Business in the 1930s
A number of surviving documents indicate how timber imports were arranged. London agents issued schedules of prices for timber that would be available at supply ports in the coming months. When needing more stock, Nicks & Co sent in an offer to buy so many standards of a range of specific sizes, a standard being 165 cubic feet, and the agent usually sent back a counter offer quoting slightly different quantities to suit better what he had available. Once both parties were satisfied, the agent sent a formal contract recording the names of the seller and buyer, the place and date of shipment and the agreed quantities and prices for all of the sizes ordered. Some contracts included the cost of freight and insurance while for others the buyer arranged the shipment separately. In either case, transport was arranged in accordance with a standard form of charter party appropriate to ports in the Bristol Channel, although it was common for specific clauses to be amended to suit each particular shipment. Before the ship departed, a bill of lading was prepared specifying the quantities that had been loaded – which could differ from what was ordered depending on practicalities at the time. When the ship was discharged, the numbers of each size received were checked by a tally man, and then a clerk had to enter the information into a ledger and calculate the total quantity for comparison with the bill of lading. As the dimensions were in feet and inches and the quantities shipped were in standards, the calculations were tedious and prone to error (45).
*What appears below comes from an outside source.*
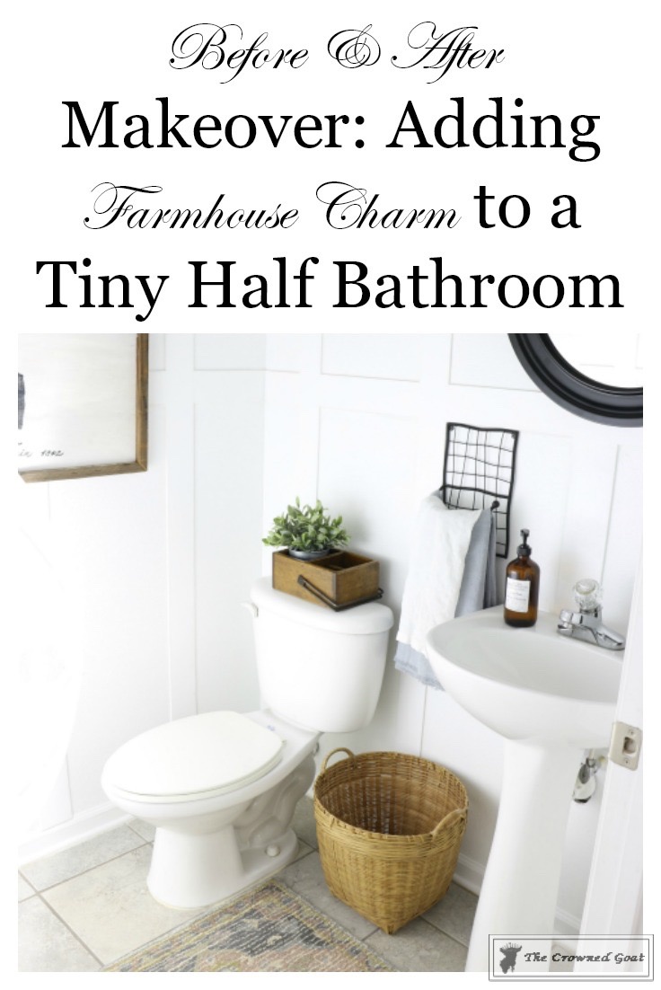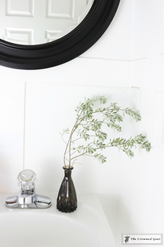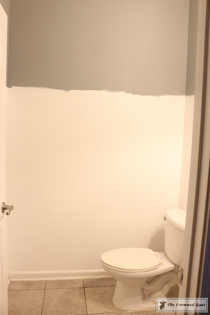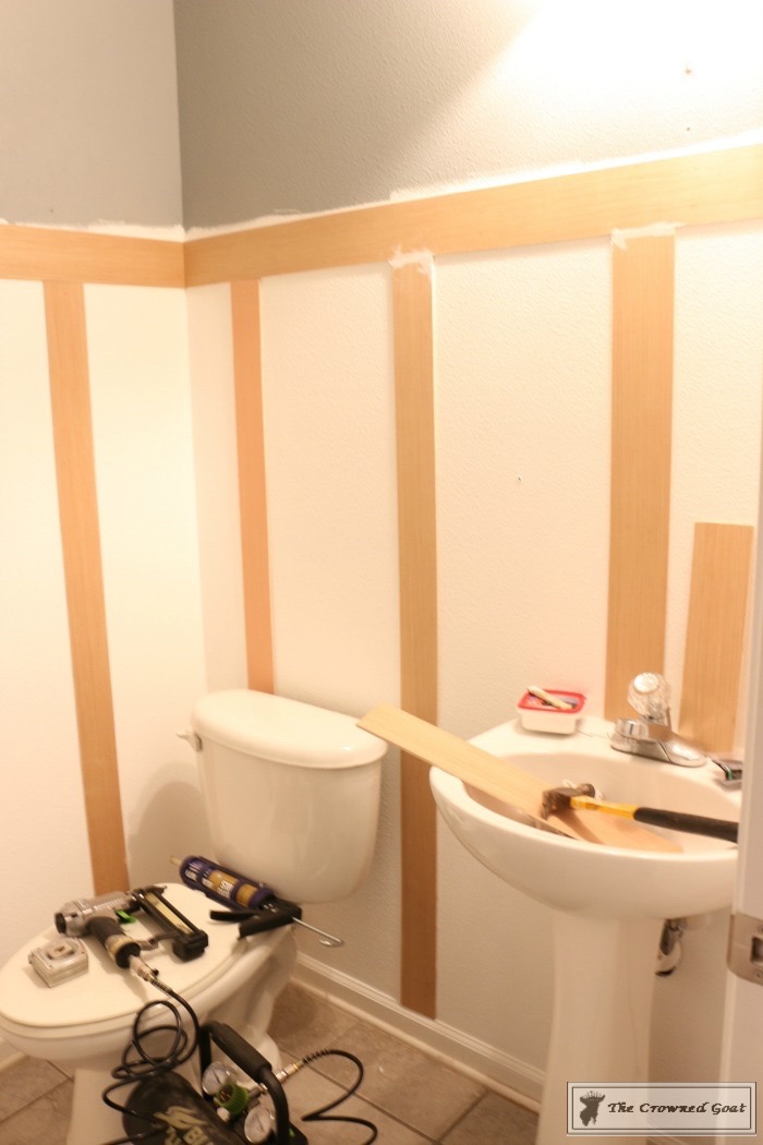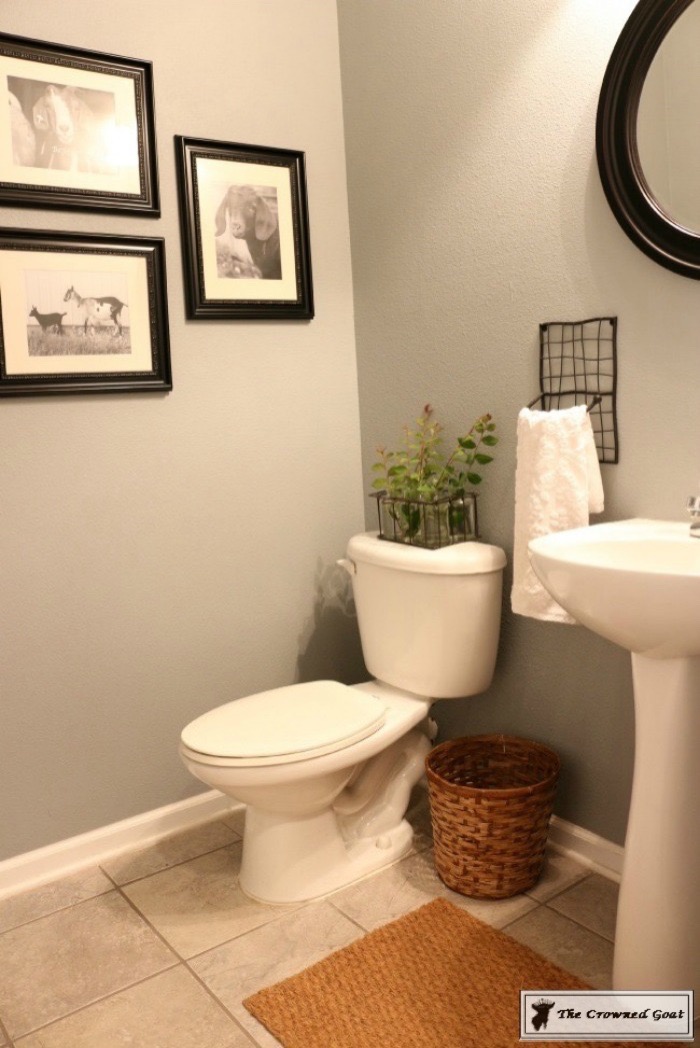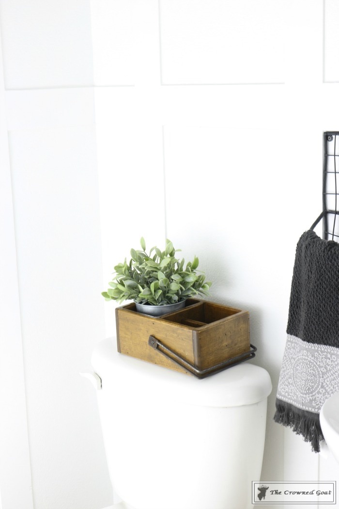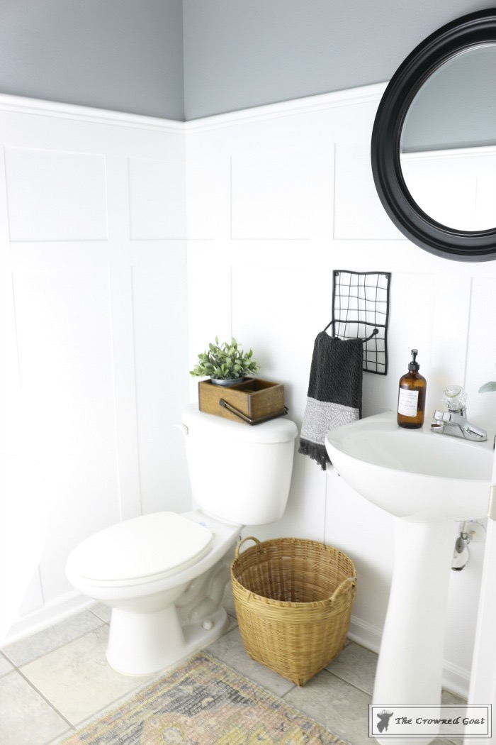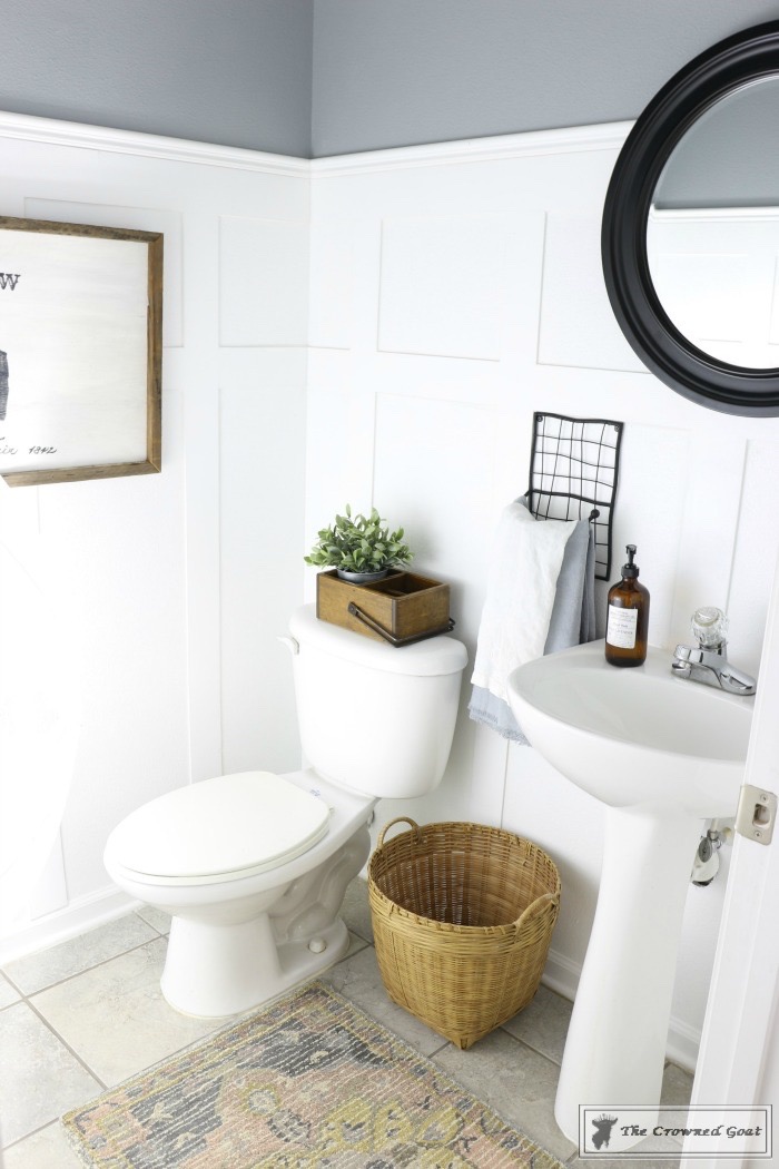 When I first thought about giving the half bath a makeover, it seemed like it would be a pretty straight forward process. We had no plans to change out the gray paint color, the tiled floor, the artwork, the mirror or even the sink. The idea for the makeover was as simple as.…we have leftover paint, boards and battens in the garage…our garage is overflowing…let’s give this half bath a free mini makeover and clear out some clutter in the process.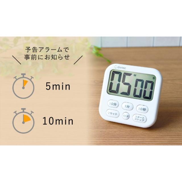 「10分」「1分」「10秒」単位で時間セットができるので、長時間でも素早くセットができます。カウントダウン、カウントアップ、リピート機能が付いていて、とっても便利! ■見やすい大画面表示 ■「5分前」「10分前」に予告アラームでお知らせ ■「10分」「1分」「10秒」単位でかんたんセット ■置き時計としても使える時計機能 ■カウントアップ機能、カウントダウン機能、リピート機能 ■壁掛けフック穴/スタンド/マグネット付

During the 1930s, Nicks & Co continued to import timber from the Baltic and Scandanavian countries with some shipments from Archangel, Canada and the United States. In 1933, the firm stopped using G T Beard’s lighters to bring the timber from Sharpness to Gloucester, and changed over to Mousell Chadborn & Co instead. Most of their timber was sent away by rail, but lorries were coming into use and some wood was still carried up country in canal boats (46). One of the railway sidings in Nicks’s yard became known as Hellfire Pass because it sloped down towards the canal and wagons sometimes got out of control. If the man on the brake missed his footing, the wagon could continue on its own, rushing down to join the line alongside the canal and crashing through any planks across the line being used in discharging a lighter. It was also known for a free-running wagon to hit an obstacle and tip into the canal (47). A more serious accident occurred in May 1932 when four boys employed by Nicks & Co were playing hide-and-seek in the timber yard after having their mid-day meal. One boy climbed the back of a stack of timber, and as he was coming down the front by means of the projecting arms, he lost his balance and fell 10ft to the ground. He was taken to the Infirmary but did not regain consciousness and died the same evening due to laceration of the brain. An inquest jury returned a verdict of accidental death. As the accident did not occur during hours of duty, Nicks & Co did not consider they were formally responsible, but they did make a contribution towards the boy’s funeral expenses (48).